# Meyer plow springs cant tighten?



## MSplowing (Dec 2, 2010)

I have a meyer plow the EZ Mount classic style its 7'6''. With the eyebolt springs all the way tightend up the springs arent tightening? Is there some kind of stop that should be down there by the sector and the moldboard to push the top of the plow out so it can tighten? I've looked at it and cant see where one would have been. All help would be greatly appreciated and thanks in advance


----------



## cubicinches (Oct 19, 2008)

The stops that the blade sits on are probably bent, and the pivot pins worn. The blade rides up over the stops, then the top of the blade is sits back too far. Typical Meyers...


----------



## MickiRig1 (Dec 5, 2003)

Yeah the plow may be done. It's bent to the point where you can't adjust the springs anymore. I have had a few that reached that point.


----------



## MSplowing (Dec 2, 2010)

And what exactly are the stops? and where are they located? I just replaced the pivot pins within the recent 65 hours of use do they wear that quick normally?


----------



## B&B (Nov 4, 2006)

cubicinches;1134622 said:


> The stops that the blade sits on are probably bent, and the pivot pins worn. The blade rides up over the stops, then the top of the blade is sits back too far. Typical Meyers...

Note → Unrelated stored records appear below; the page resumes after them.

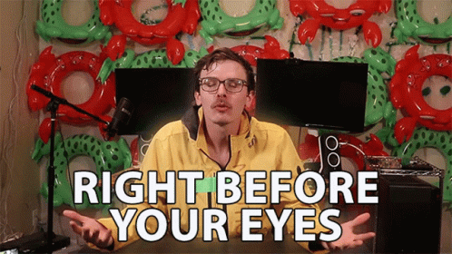 A man in a yellow jacket, idubbbz Tv, speaks into a microphone with the text "Right Before Your Eyes" displayed.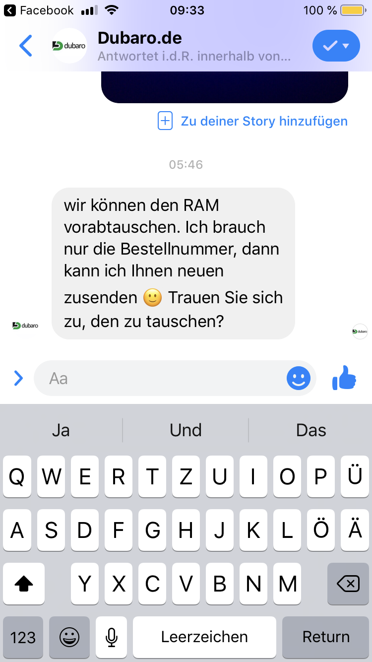 Das kam heute morgen als Antwort. Nachdem ich ihnen Bilder vom ersten memtest gezeigt hatte der Fehler angezeigt hat Und gesagt habe dass ich mehrere bluescreens hatte.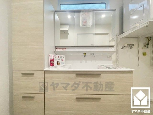収納豊富なトールキャビネット付きでスッキリお使い頂ける3面鏡の洗面台です。カウンターが広めなので、忙しい朝でも身支度がしやすく時短になります。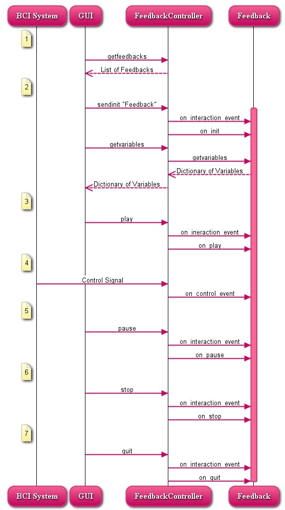 The table above shows the complete list of available commands in Control signals and the figure below shows a sequence diagram illustrating the interaction between the GUI, the Feedback Controller and the Feedback. All signals coming from the GUI are Interaction Signals, the signals coming from the BCI system are Control Singals. Once the GUI was started, it tries automatically to connect to a running Feedback Controller on the machine where the GUI is running. If that failed (e.g., since the Feedback Controller runs on a different machine on the network) the experimenter can connect it manually by providing the host name or IP address of the target machine. Upon a successful connection with the Feedback Controller, the Feedback Controller replies with a list of available Feedbacks which is then shown in the GUI in a drop down menu for available Feedbacks. The experimenter can now select a Feedback in the GUI and click the Init Button, on which the GUI will send the appropriate signal to the Feedback Controller telling it to load the desired Feedback. The Feedback Controller loads the Feedback and requests the Feedback's object variables which it sends back to the GUI. The GUI then shows them in a table, where the experimenter can inspect and manipulate them. Within the GUI the experimenter can also Start, Pause, Stop and Quit the Feedback.

Don't forget not all of them had separate stops beside the horizontal angle iron on the rear of the moldboard contacting the front side of the sector which is the primary "stop". Those that also had the extra two vertical stop plates behind the pivot tubes on the sector were only intended as an auxiliary...which doesn't work either. 

If there's no extra stops plates on it where I mentioned then the moldboard is bend back, basically removing some of it's curl...which is very very common with guys that go to all the work of replacing the pins and tubes to fix it only to discover it doesn't and don't realize what the actual issue is...which is the moldboard has lost it's curl. Only fix for it is to add either new or longer stops or replace the moldboard to lose that laid back trip edge look.


----------



## 8CATFISH (Nov 23, 2010)

I am haveing same issue with my meyer I am still plowing with it and seems to work fine but do you have any pics or something of what the stop should look like


----------



## .5racer (Jan 2, 2009)

Weld steel plate on top of old and raise stop hieght to get back to so to speak stock . Need to do that to one of mine


----------



## B&B (Nov 4, 2006)

Stop location...one per side.


----------



## MickiRig1 (Dec 5, 2003)

I seen a Meyer plow today that they must of had the same problem. It was old and beat up / rust holes. They drilled holes further out from the normal holes. The springs were like at a 45 degree angle. I beat it's a real treat when (if it will) trip and snap back.


----------



## MSplowing (Dec 2, 2010)

B&B thanks for the picture i actually wasnt sure where the stops were. Not knowing where the stops were i just took the springs off lowered the moldboard and welded a piece of all thread on to the back of the sector therefore it pushes the top of the moldboard back out at the top. After doing so i can tighten springs again havent had the chance to use it yet. I'm pretty sure it ought to hold up that way? any thoughts or opinions on the way i done mine


----------



## B&B (Nov 4, 2006)

All thread wasn't really the best choice for longevity (it's soft), a piece of flat stock would have been the better approach but as long as it works for now you can always change the material later on after the seasons over.


----------



## 8CATFISH (Nov 23, 2010)

what is the tab in the center that the king pin goes through and sits ontop of the top nose piece of a frame is this another stop or ???? I think mine was welded to something at some point but isnt anymore the other stops seem ok i dont know maybe they are worn?? but not bent.


----------



## B&B (Nov 4, 2006)

8CATFISH;1148861 said:


> what is the tab in the center that the king pin goes through and sits ontop of the top nose piece of a frame is this another stop or ????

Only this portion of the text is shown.